To simulate initial threading of the cellulose substrate for WT and the N62A and N222A mutants of TcCel7A, the reducing end glucose (head) of the cellulose strand (cellononaose) was initially positioned at subsite −5, and other parts were created automatically (“threading” case). The systems were fully solvated with explicit solvent, and 18 Na+ counterions were added to obtain electrostatic neutrality. All simulations were performed using AMBER14 MD software61. We employed the AMBER ff03 force field for proteins, the GLYCAM 06 force field for the cellulose strand, and the TIP3P model for water molecules.

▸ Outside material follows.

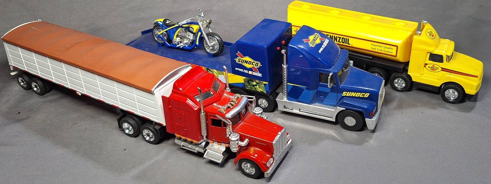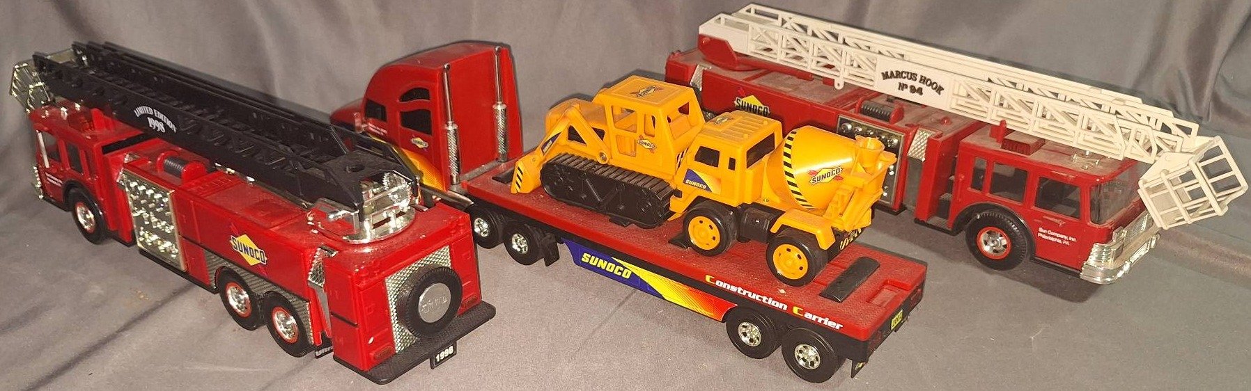 10626 Sunoco Plastic Toy Fire Trucks and Transport Truck with Construction Vehicles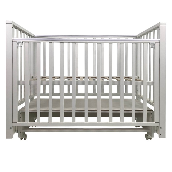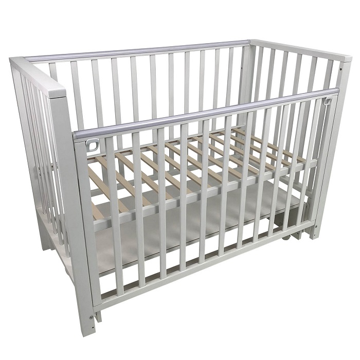 Передний бортик - автостенка. С помощью нажатия 2 курков вы сможете легко отрегулировать бортик по высоте или быстро снять передний бортик. Без бортика кроватку можно использовать как диванчик для уже подросшего ребенка или как приставную кроватку для совместного ночного сна.

The systems were energetically minimised for the 300 steepest descent steps and equilibrated for 1 ns, with gradually reducing restraints. Finally, two 160-ns production runs were performed with different initial velocities for each system using a protocol similar to that described by Nakamura et al.32. Trajectory analysis was conducted using the AMBER module cpptraj and snapshot structures were visualised with VMD. An additional MD simulation was conducted for WT, in which a cellulose substrate (cellononaose) was situated to occupy all subsites (from −7 to + 2) initially (“occupied” case). Force fields and protocols were the same as described above, and the production run was performed for 25 ns. Binding free energies between TcCel7A and the glucosyl units positioned at each subsite were calculated using the MM/GBSA method62, which was integrated in the AMBER14 software.